● Task material

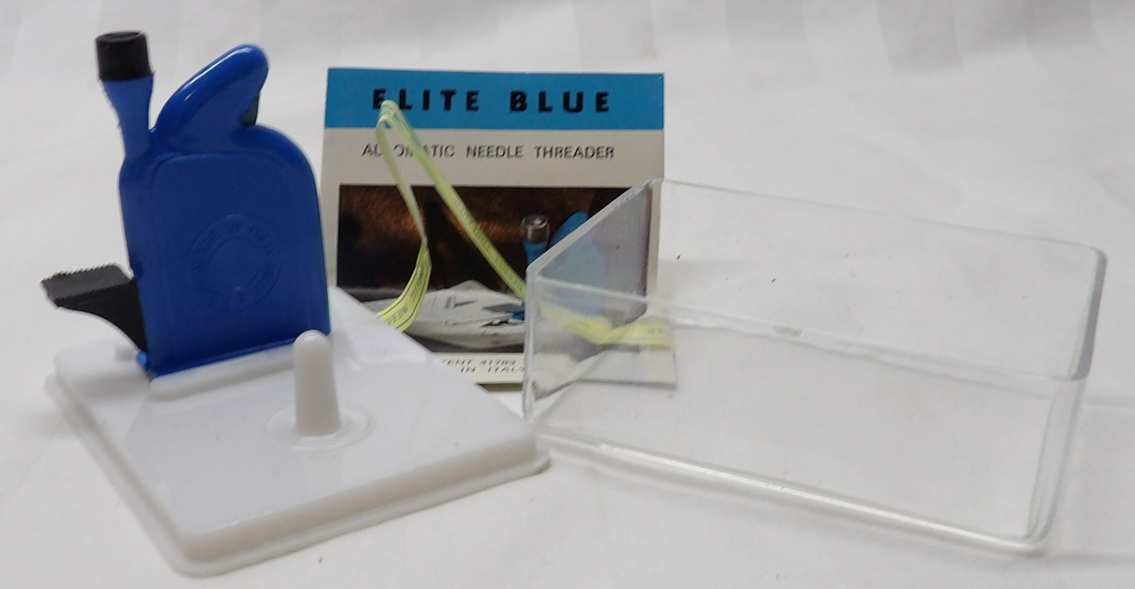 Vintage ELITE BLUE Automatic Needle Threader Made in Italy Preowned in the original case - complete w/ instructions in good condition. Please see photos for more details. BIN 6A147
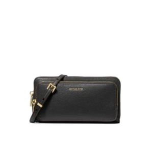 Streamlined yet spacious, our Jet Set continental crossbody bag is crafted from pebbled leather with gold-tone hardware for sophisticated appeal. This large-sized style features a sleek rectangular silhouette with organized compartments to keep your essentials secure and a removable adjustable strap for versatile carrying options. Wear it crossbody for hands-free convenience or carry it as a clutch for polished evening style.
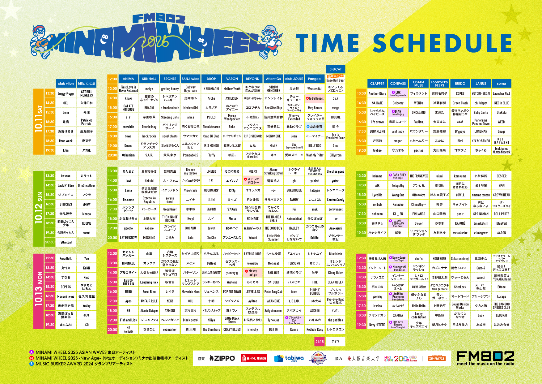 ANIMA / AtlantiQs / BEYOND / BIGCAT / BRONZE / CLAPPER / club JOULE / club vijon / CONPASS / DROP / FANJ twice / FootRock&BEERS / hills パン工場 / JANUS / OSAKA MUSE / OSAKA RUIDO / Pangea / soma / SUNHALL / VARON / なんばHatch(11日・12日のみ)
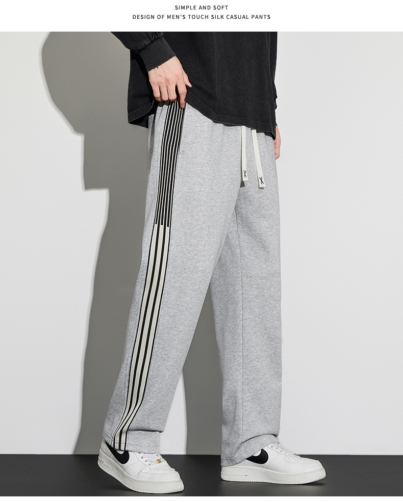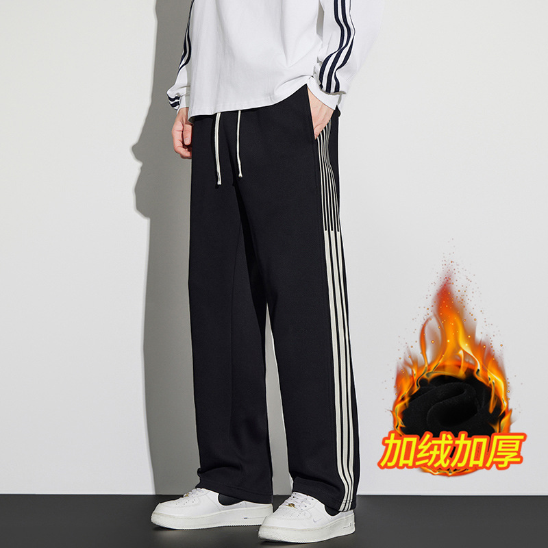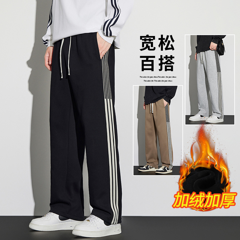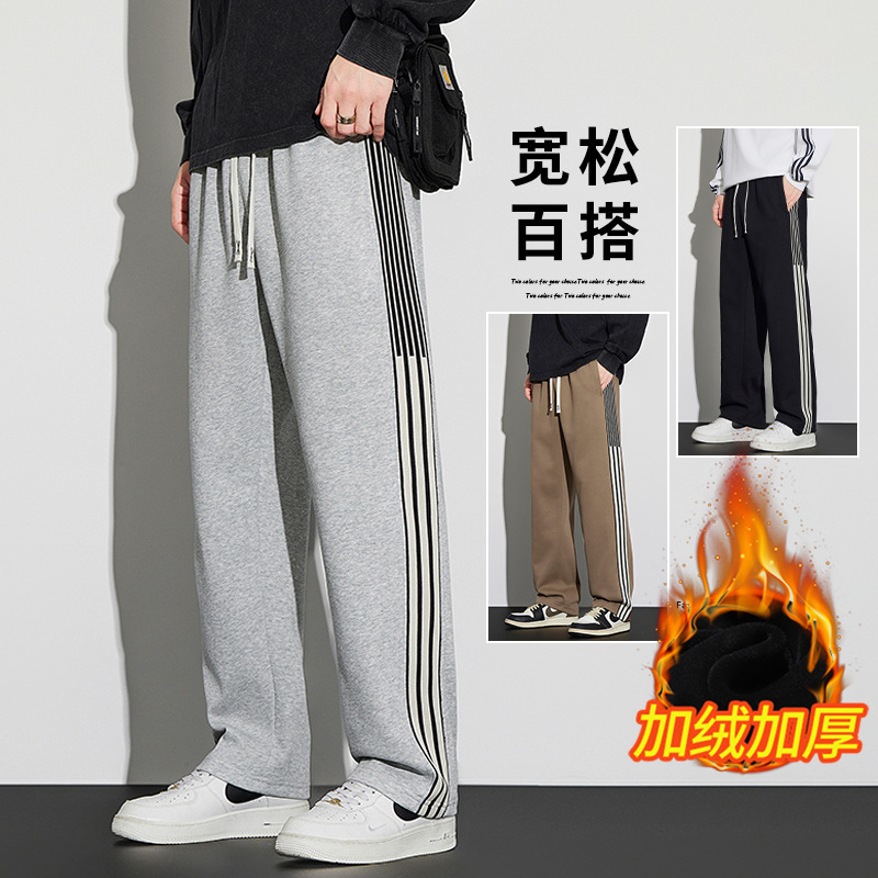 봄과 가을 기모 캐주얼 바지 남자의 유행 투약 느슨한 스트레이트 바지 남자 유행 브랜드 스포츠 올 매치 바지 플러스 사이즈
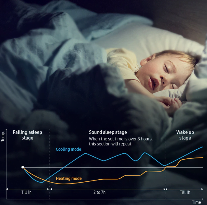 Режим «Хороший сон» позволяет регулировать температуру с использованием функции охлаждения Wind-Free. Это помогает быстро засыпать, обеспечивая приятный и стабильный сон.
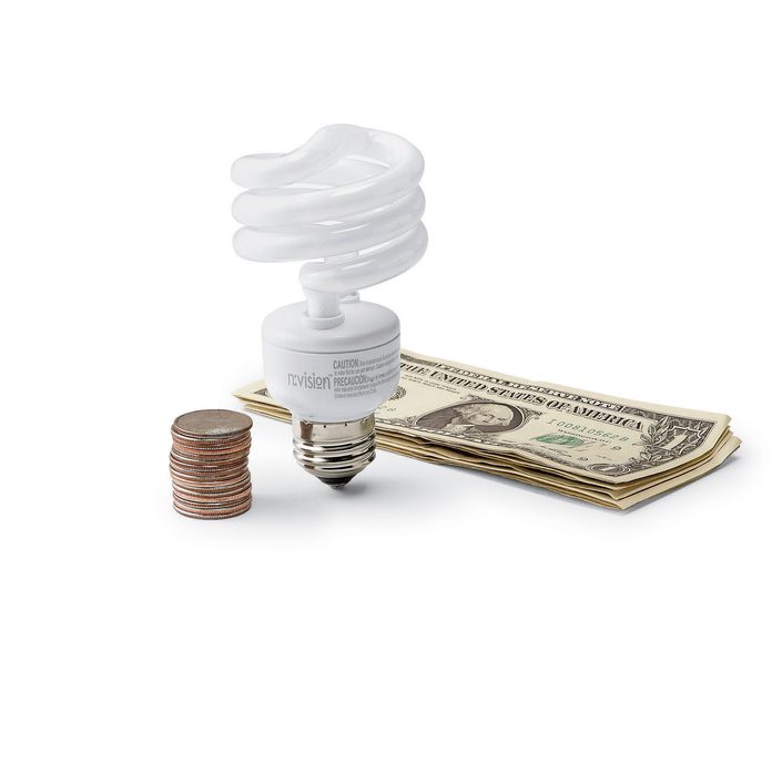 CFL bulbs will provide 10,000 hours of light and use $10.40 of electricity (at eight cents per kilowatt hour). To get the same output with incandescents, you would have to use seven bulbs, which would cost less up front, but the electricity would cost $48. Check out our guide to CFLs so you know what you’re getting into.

● Task prompt
Pictures aside, retype the material exactly.

● Task answer
 Vintage ELITE BLUE Automatic Needle Threader Made in Italy Preowned in the original case - complete w/ instructions in good condition. Please see photos for more details. BIN 6A147
 Streamlined yet spacious, our Jet Set continental crossbody bag is crafted from pebbled leather with gold-tone hardware for sophisticated appeal. This large-sized style features a sleek rectangular silhouette with organized compartments to keep your essentials secure and a removable adjustable strap for versatile carrying options. Wear it crossbody for hands-free convenience or carry it as a clutch for polished evening style.
 ANIMA / AtlantiQs / BEYOND / BIGCAT / BRONZE / CLAPPER / club JOULE / club vijon / CONPASS / DROP / FANJ twice / FootRock&BEERS / hills パン工場 / JANUS / OSAKA MUSE / OSAKA RUIDO / Pangea / soma / SUNHALL / VARON / なんばHatch(11日・12日のみ)
 봄과 가을 기모 캐주얼 바지 남자의 유행 투약 느슨한 스트레이트 바지 남자 유행 브랜드 스포츠 올 매치 바지 플러스 사이즈
 Режим «Хороший сон» позволяет регулировать температуру с использованием функции охлаждения Wind-Free. Это помогает быстро засыпать, обеспечивая приятный и стабильный сон.
 CFL bulbs will provide 10,000 hours of light and use $10.40 of electricity (at eight cents per kilowatt hour). To get the same output with incandescents, you would have to use seven bulbs, which would cost less up front, but the electricity would cost $48. Check out our guide to CFLs so you know what you’re getting into.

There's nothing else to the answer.